蘇千月忙小心翼翼的爬了起來,臉上的淚水不斷的滴落下來。
一邊給東方修元檢查傷勢。
斷了五根肋骨。
憑東方修元的身手,他一個人下來,絕對不會受傷,可他為了蘇千月,直接身體著地。
不遠處,符極生死不明的躺在那裏。
蘇千月努力讓自己冷靜下來。
可明明馬車一路衝出城外,她都沒有慌,此時卻慌了,亂了,根本無法冷靜下來。
她努力讓自己鎮定。
從空間裏取了一些藥出來,先給東方修元喂了下去。
黎川的人很快找了過來,左折親自來的。
帶了大批人手。
東方修元用了藥,人也幽幽轉醒了,看到蘇千月滿臉淚水的守在自己身旁,笑了一下,下一秒,卻悶哼了一聲。
痛意讓他的五官都扭曲了。
這一笑,牽動了胸膛。
險些當場去世。
“先不要亂動,你斷了肋骨,要是紮進肺子裏,就完了!”蘇千月也急了,忙焦急的說道,一邊抬手將臉上的淚水胡亂的擦掉。

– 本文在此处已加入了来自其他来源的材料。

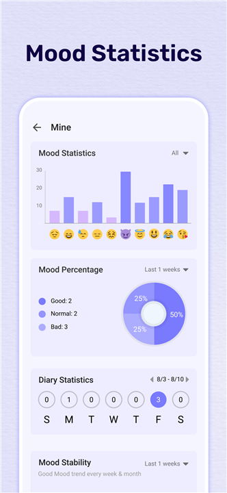 • See how your emotional rollercoaster plays out over time via the handy mood calendar.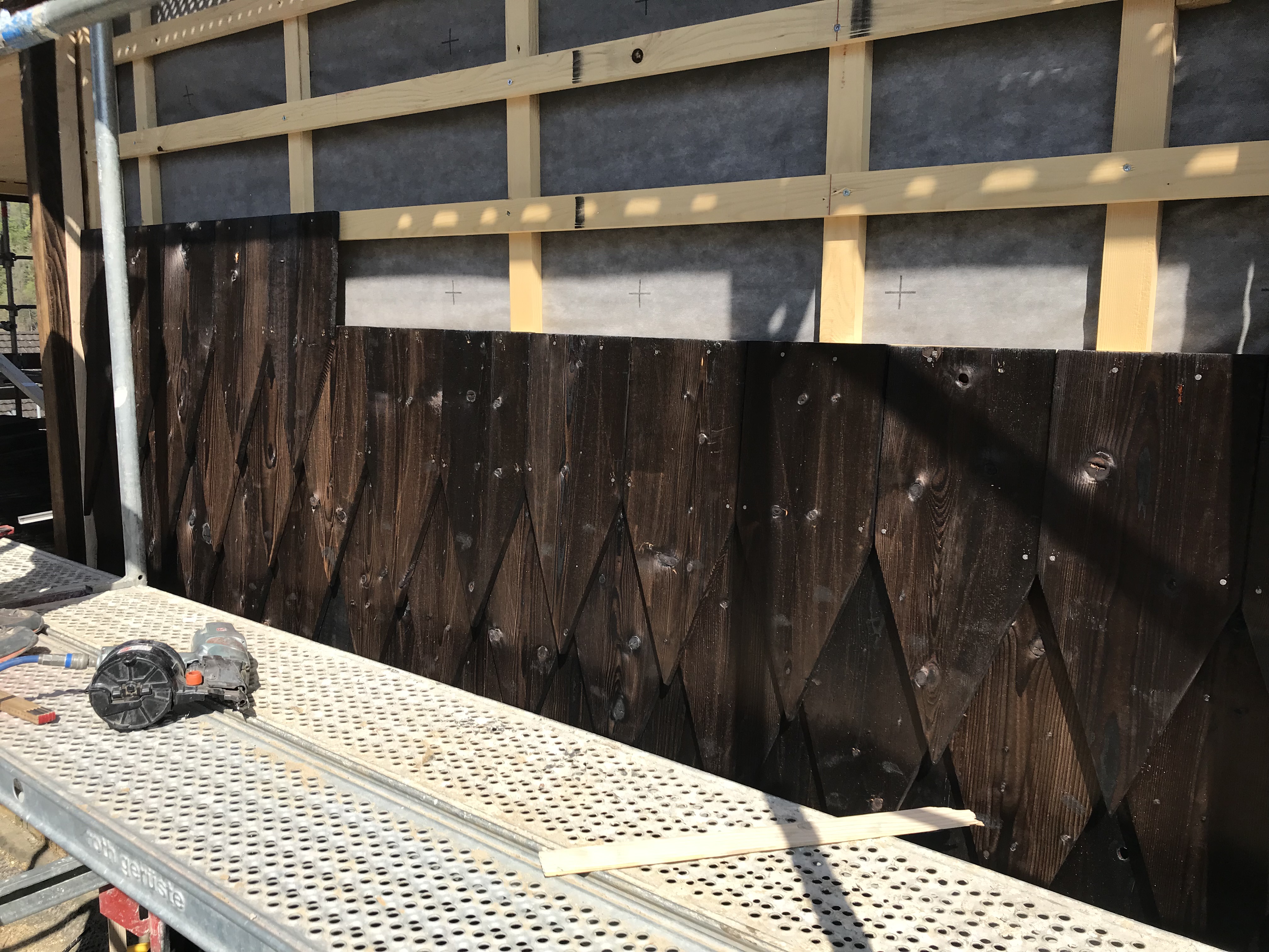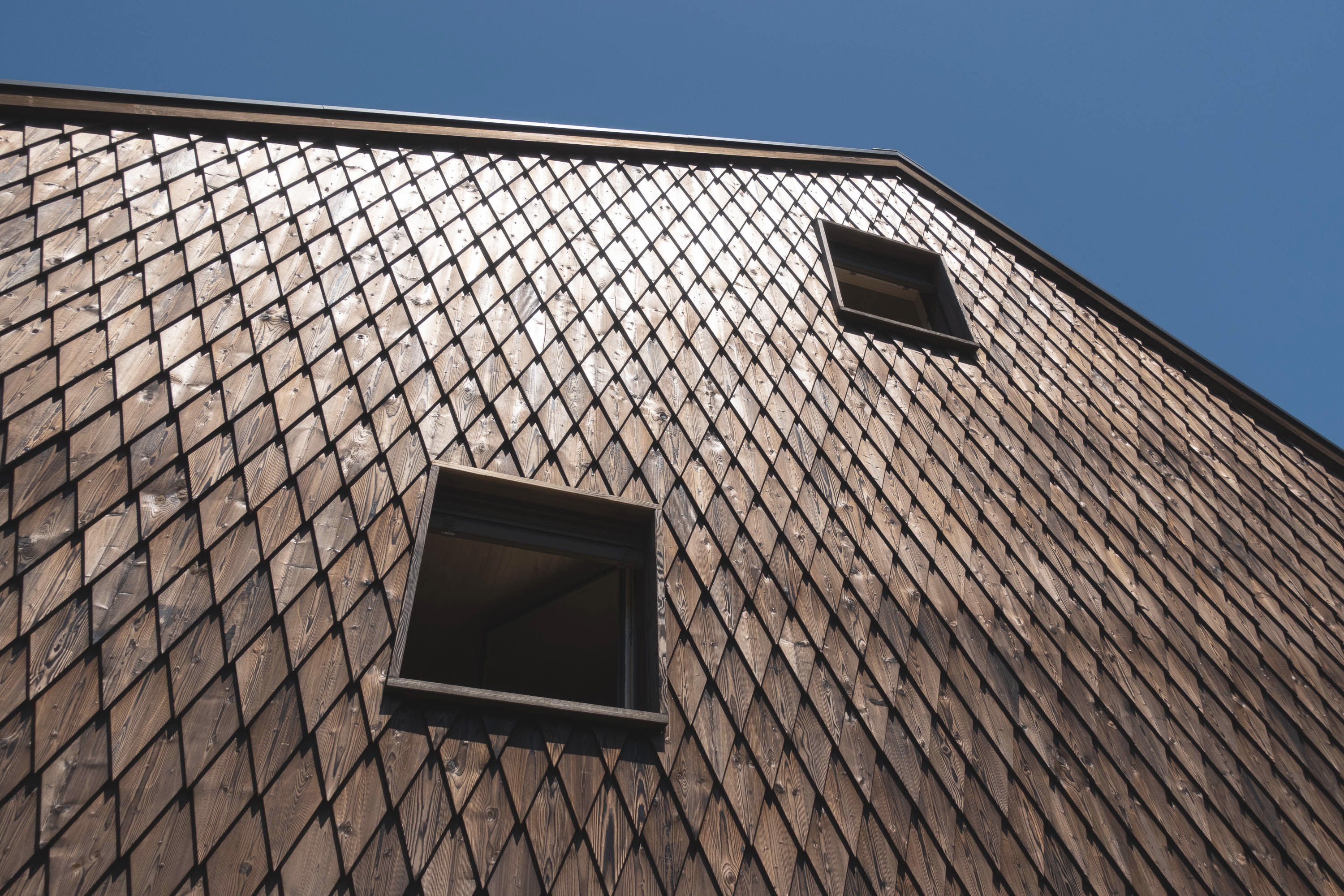 Die Rhombusform der Schindeln erzeugt eine textile, fast hautartige Oberfläche. Die Fassadenschicht wirkt wie eine schützende Hülle – sie strukturiert das Volumen, reagiert auf Licht und unterstützt die Ableitung von Wasser.

她已經讓左折的人去割藤條,做了簡易的單架,把東方修元和符極抬出去才行。
左折還派了人去救樹枝上掛著的紅泥。
紅泥的位置離涯頂很近,救人不成問題。
折騰了三個時辰,一行人才到了黎川所在的山莊。
這裏相對來說,比慕家莊近的多。
醫藥箱已經毀了,蘇千月隻能從空間拿出備用的銀針和工具。
見到東方修元和符極的情形,黎川主動提出先醫治東方修元和符極。
符極傷的最重,多處骨折,腦子磕了一個大窟窿,流了不少血,雖然已經止了血,卻也是凶多吉少。
山莊裏也有郎中,也來看了東方修元和符極。
“這個侍衛可能是活不成了!”郎中搖了搖頭,歎息一聲:“這煜王怕也很難過這一關,肋骨斷了,戳在肺子上了!”
雖然黎川的人已經很小心,動作也極輕。
可從山涯底走到上麵,路途太過遙遠,更是十分的崎嶇,坑坑窪窪。
還是給東方修元造成了二次傷害。
斷掉的肋骨戳穿了肺子。
此時蘇千月把人清了出去,麵色蒼白的沒有半點血色。
先給自己紮了幾針,讓自己鎮定,更是保證足夠清明。
她告訴自己,不會有事的。
鳳天威也傷了肺子,她都把他救活了。
一樣能救活東方修元的。
可她提起手術刀的時候,手卻不停的顫抖。
氣惱之下,她在自己的腿上,狠狠刺了一刀。
以此,讓自己冷靜,讓自己清醒。
岑生也趕了過來,他接到消息的時候,險些暈過去。
本來,左折按著蘇千月的吩咐是攔著所有人的,卻沒能攔住岑生。
一推門,岑生就看到蘇千月把刀紮在自己腿上的一幕,僵了一下:“小師祖!你瘋了嗎!”
別提多麽心疼了。
蘇千月清醒了許多,看了岑生一眼:“你來的正好,在一旁打下手吧,我現在給修元手術,你記得給我擦汗,絕對不能讓汗珠落下來。”
本來就做不到無菌,要是汗水滴在刀口處,更難保證手術成功了。
岑生也不問為什麽,甚至什麽也不說,直接點頭應了。
門外,黎川坐在輪椅裏,麵色也微微泛白:“這煜王要是出事,本王也一定站不起來了。”